AI workloads meet thermal constraints in data centres
Artificial intelligence is often framed as a software breakthrough. In practice, it is also an energy and infrastructure challenge.
A single AI query can consume roughly 10 times the electricity of a typical internet search, and demand is climbing rapidly. By 2030, data centres are projected to account for around 3% of global electricity consumption — nearly double their share today and growing far faster than electricity demand from most other sectors.
That level of demand brings with it a practical constraint: heat.
AI infrastructure is becoming denser, more power-hungry and far more thermally intensive than the systems data centres were originally designed to support. Cooling systems that once performed reliably are now approaching their limits.
The shift to high-density, liquid-cooled infrastructure
AI workloads are pushing rack power densities to new extremes.
Where traditional enterprise servers might draw only a few kilowatts per rack, modern GPU-accelerated systems operate at dramatically higher levels. Today’s fully populated GPU racks draw around 132 kilowatts. The next generation of systems is expected to approach 240 kilowatts per rack, and industry roadmaps are already exploring future densities of one megawatt per rack.
These systems rely on graphics processing units and specialised accelerators that generate intense, concentrated heat loads. Moving enough air through racks at this scale quickly becomes inefficient and difficult to manage.
For decades, air cooling has been the standard approach in data centres. It remains effective at moderate densities, but AI infrastructure is pushing well beyond those thresholds.
Liquid cooling changes the equation. Rather than cooling the surrounding air, direct-to-chip liquid cooling captures heat at the source. Because liquids transfer heat far more efficiently than air, the difference in performance is significant. Direct liquid cooling can be thousands of times more effective at removing heat from high-density components.
As AI systems scale, this approach is increasingly becoming a necessity rather than an optimisation.
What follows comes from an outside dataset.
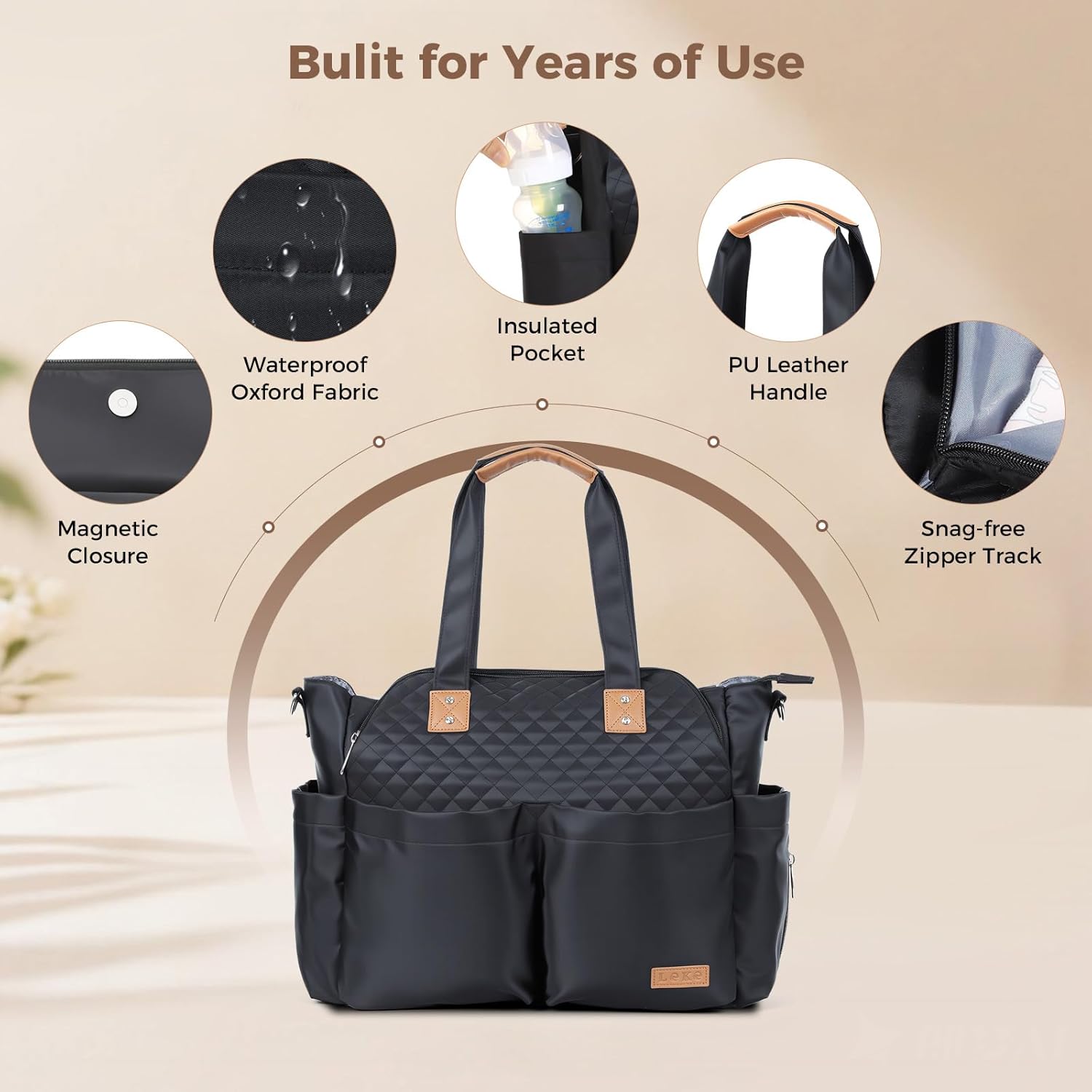 Durable & Waterproof Diaper Bag: Crafted from high-quality polyester, this waterproof diaper bag tote is durable, lightweight, and easy to clean. Comes with a changing pad and stroller clips for on-the-go convenience. The detachable, adjustable shoulder strap allows crossbody use, while long tote handles make it a versatile mommy tote bag—perfect for everyday use, travel, or as a baby shower gift.

Liquid cooling at scale: the sustainability equation
Cooling is typically the second-largest energy consumer in a data centre after the IT equipment itself. Improving cooling efficiency therefore has a direct impact on total power demand.
In many cases, liquid cooling can reduce cooling energy consumption by 30 to 60%. Those gains translate into lower operating costs and lower emissions, particularly in regions where electricity grids still rely heavily on fossil fuels.
Water use is another factor that deserves closer attention.
Traditional cooling towers and evaporative systems can consume large volumes of water, particularly in warm climates. By contrast, liquid cooling operates as a closed loop at the rack level, meaning the racks themselves do not consume water directly. The overall water footprint then depends largely on how heat is rejected from the facility.
This is where system design becomes critical.
Operating at higher inlet fluid temperatures can significantly reduce both energy consumption and water use. Heat rejection systems also play a role. Air-cooled chillers with economiser modes, for example, rely on cool ambient air to dissipate heat and can dramatically reduce reliance on water-intensive cooling towers.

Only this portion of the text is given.